Your trainer most likely has no idea of gluconeogenesis and they are pushing the tired old myths of training and eating. They may be the rare trainer but, in my experience and my training to earn a cert, there is little discussion of proper nutrition and what is taught is the old dogma, high carb, high protein, low fat blah blah blah.

The high protein dogma does one thing REALLY well, sells shakes/bars/powders for the supplement companies. There is a good deal of evidence supporting the idea that we need LESS protein than usually recommended by the old 1.0 grams of protein per lean kilo of body mass, many are reporting good success with less than that.

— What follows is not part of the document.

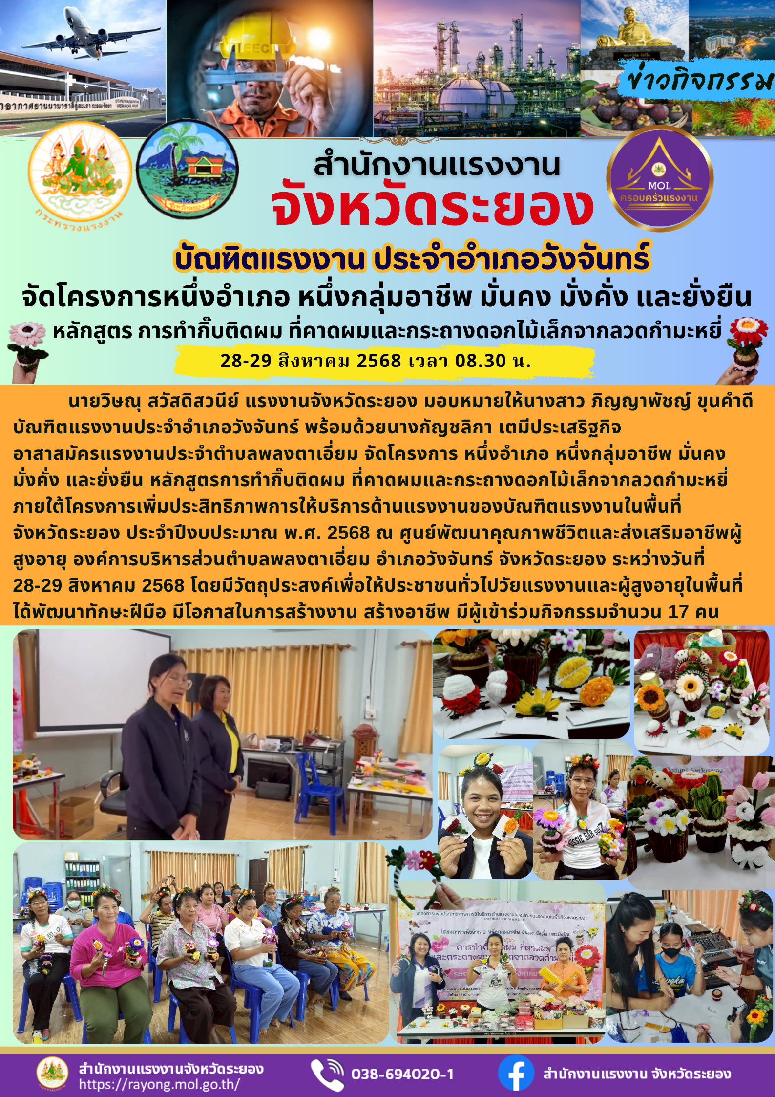 นายวิษณุ สวัสดิสวนีย์ แรงงานจังหวัดระยอง มอบหมายให้นางสาว ภิญญาพัชญ์ ขุนคำดี บัณฑิตแรงงานประจำอำเภอวังจันทร์ พร้อมด้วยนางกัญชลิกา เตมีประเสริฐกิจ อาสาสมัครแรงงานประจำตำบลพลงตาเอี่ยม จัดโครงการ หนึ่งอำเภอ หนึ่งกลุ่มอาชีพ มั่นคง มั่งคั่ง และยั่งยืน หลักสูตรการทำกิ๊บติดผม ที่คาดผมและกระถางดอกไม้เล็กจากลวดกำมะหยี่ ภายใต้โครงการเพิ่มประสิทธิภาพการให้บริการด้านแรงงานของบัณฑิตแรงงานในพื้นที่ จังหวัดระยอง ประจำปีงบประมาณ พ.ศ. 2568 ณ ศูนย์พัฒนาคุณภาพชีวิตและส่งเสริมอาชีพผู้สูงอายุ องค์การบริหารส่วนตำบลพลงตาเอี่ยม อำเภอวังจันทร์ จังหวัดระยอง ระหว่างวันที่ 28-29 สิงหาคม 2568 โดยมีวัตถุประสงค์เพื่อให้ประชาชนทั่วไปวัยแรงงานและผู้สูงอายุในพื้นที่ ได้พัฒนาทักษะฝีมือ มีโอกาสในการสร้างงาน สร้างอาชีพ มีผู้เข้าร่วมกิจกรรมจำนวน 17 คน

Check out the ketoathelete podcast, lots of good info there. Also, play with this calculator, it’s not perfect but it’s fun to play with: https://ketogains.com/ketogains-calculator/

Also, ask your trainer what happens with extra protein if you are consuming more than needed? (It could raise insulin levels, reducing the impact of your fasting efforts if you are using IF etc. or it just gets passed out of the body in the urine…).

Best of luck to you.


(Dasha ) #19

@DaveyB, thank you. I’m having such a hard time letting go of veggies :grimacing:


(Dasha ) #20

He is all for moderate good fats but high protein. I know I don’t feel as good when I go over my protein. I think I should really lower it from my calculated macros because I’m always hungry.